Situasi di negeri kita memang menyedihkan sekali, sebab banyak orang di kalangan aparat penegak hukum (polisi, jaksa, hakim, juga pengacara) yang malah patut dijadikan pesakitan. Pengadilan sudah dicemoohklan oleh banyak orang, karena sudah terlalu dirusak oleh kekuasaan uang. “Tokoh-tokoh” yang menjadi anggota MPR, DPR, DPRD, Mahkamah Agung, DPA dll juga sudah banyak yang hanya sibuk dengan memikirkan cara-cara bagaimana mencari lobang atau kesempatan untuk “menggaet” segala macam dana, walaupun dengan cara-cara yang tidak pantas.

Ketika perspektif situasi internasional makin tidak jelas sesudah terjadinya peristiwa World Trade Center dan Pentagon, yang sedang disusul oleh persoalan-persoalan tentang Afganistan, maka ada kemungkinan bahwa situasi di Indonesia juga akan mengalami gejolak-gejolak yang besar.

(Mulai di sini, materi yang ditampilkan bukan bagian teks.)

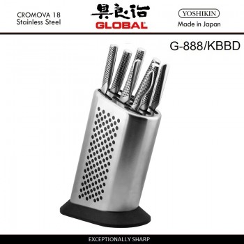 В набор кухонных ножей Global G-888KBBD входит 8 предметов на подставке: поварской нож G-2, длина лезвия 20 см мясной нож G-3, длина лезвия 21 см топорик для шинковки овощей G-5, длина лезвия 18 см хлебный нож G-9, длина лезвия 22 см обвалочный нож G-21, длина лезвия 16 см универсальный нож GS-1, д..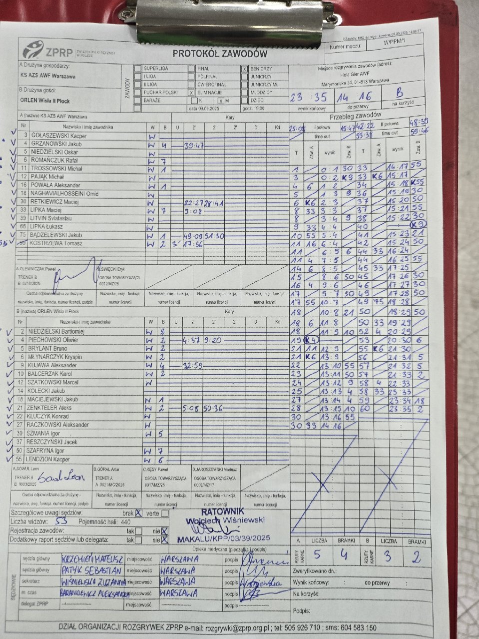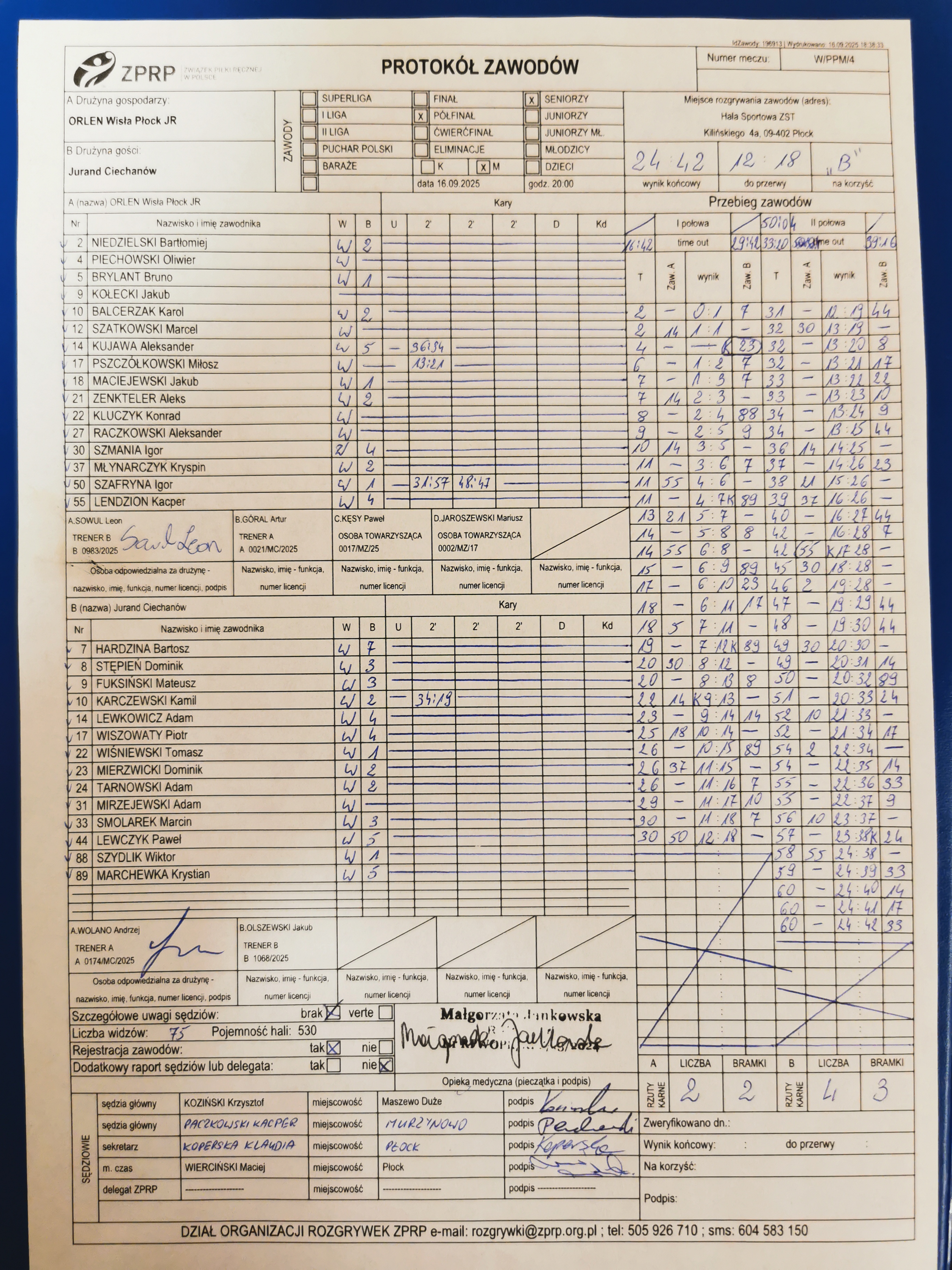 | 4 | 2025-09-16 20:00:00 | ORLEN Wisła Płock JR | Jurand Ciechanów | Sędziowie: KOZIŃSKI Krzysztof Delegat: |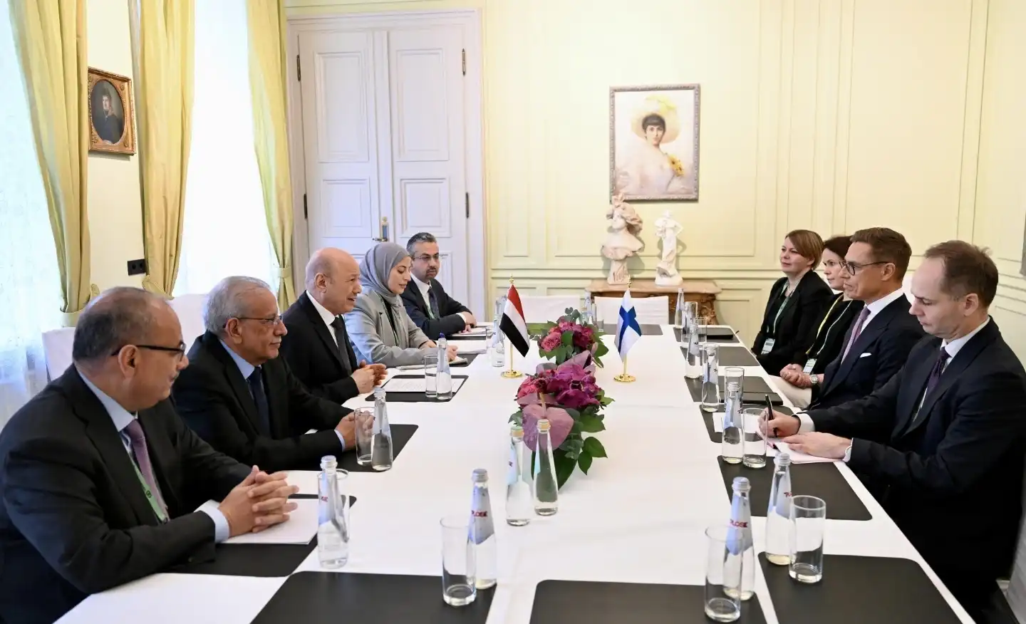 ونوه فخامة الرئيس بالنموذج الفنلندي للدولة الذي يجمع بين الاستقرار الداخلي، والحوكمة الرشيدة، والتعليم المتقدم، وبناء السلام، معربا عن تطلع اليمن للاستفادة من خبرات فنلندا في إصلاح القطاع العام، واللامركزية، والتعليم كمدخل لإعادة بناء الهوية الوطنية.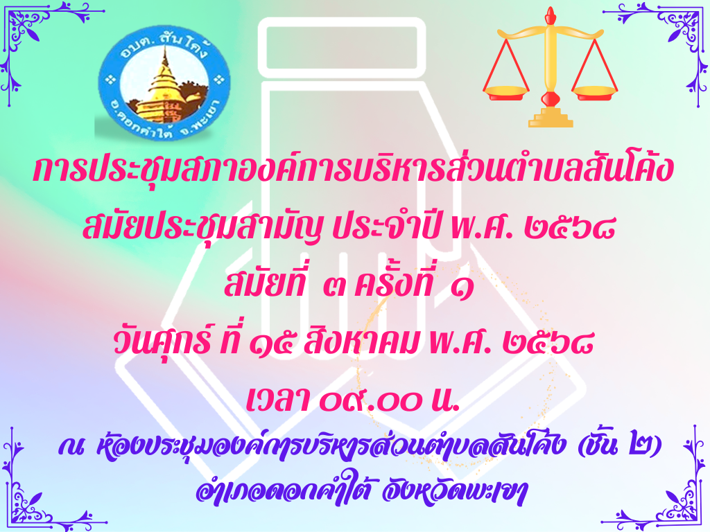 ประชุมสภาองค์การบริหารส่วนตำบลสันโค้ง สมัยประชุมสามัญ ประจำปี พ.ศ. ๒๕๖๘ สมัยที่ ๓ ครั้งที่ ๑ ณ ห้องประชุม อบต.สันโค้ง (ชั้น ๒) อ.ดอกคำใต้ จ.พะเยา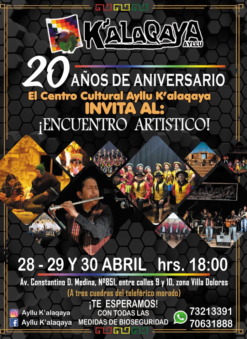 30 de abril: encuentro musical y velada artística con danza y teatro, música en vivo de Jacha Thunupa y K’alaqaya.

Justru dalam situasi yang tidak menentu di Indonesia dewasa inilah, seluruh kekuatan pro-reformasi dan pro-demokrasi perlu untuk lebih mewaspadai tingkah-laku para “tokoh”. Sebab, dalam situasi yang tidak menentu ini pulalah, maka banyak dana publik bisa diselingkuhkan, karena kontrol juga menjadi lebih sulit lagi. Banyak “tokoh” maupun lembaga sudah - atau sedang - kehilangan legitimasi politik dan legitimasi moral. Etika politik dan hukum sudah tidak diindahkan lagi oleh para penyelenggara negara. Dewan-dewan perwakilan rakyat (baik yang di Pusat maupun di daerah) juga sudah tidak bisa lagi dijadikan saluran aspirasi rakyat banyak.

Krisis ekonomi, krisis politik, krisis sosial, krisis keamanan, krisis moral, krisis kepercayaan kepada lembaga-lembaga pemerintahan sedang melanda besar-besaran. Hutang luarnegeri kita makin menumpuk, pajak makin memberatkan beban rakyat, tetapi korupsi kelihatannya masih sulit diberantas. Sekarang, di Indonesia ada lebih dari satu juta orang pengungsi “dalamnegeri”, karena adanya gangguan-gangguan keamanan di berbagai daerah. Pengangguran yang puluhan juta orang membikin frustasinya banyak orang, terutama di kalangan muda. Namun, dalam situasi yang demikian parah itu, banyak kalangan “atas” kita masih terus sibuk mencuri berbagai dana publik (artinya : uang rakyat!). Kesimpangsiuran pelaksanaan politik otonomi daerah telah menjadi jalan atau sarana bagi pembesar-pembesar daerah untuk melaksanakan “desentralisasi korupsi”. Ini terjadi di banyak kantor gubernur maupun bupati dan walikota. Partai-partai sudah mulai mengadakan langkah-langkah untuk mencari dana “haram” guna dipakai untuk Pemilu yang akan datang.

Mengingat itu semua, maka makin jelaslah bahwa peran kontrol masyarakat, peran tekanan kekuatan ekstra-parlementer, dan peran aksi-aksi Ornop/LSM (dari bawah) adalah sangat penting untuk terciptanya good governance di Indonesia. Puluhan tahun selama Orde Baru (dan berikutnya juga!) sudah membuktikan, bahwa rakyat luas tidak ikut diikut-sertakan - secara nyata - dalam urusan-urusan negara. Republik ini bukanlah hanya milik para pejabat dan “tokoh-tokoh” saja. Republik ini adalah milik rakyat. Rakyat behak untuk meneriakkan “stop perampokan harta negara, dan adili para pelakunya”, dengan lantang dan marah. Dan inilah yang perlu disuarakan juga di kampus-kampus universitas, di pesantren-pesantren, di mesjid atau gereja dan kuil. Bersama-sama.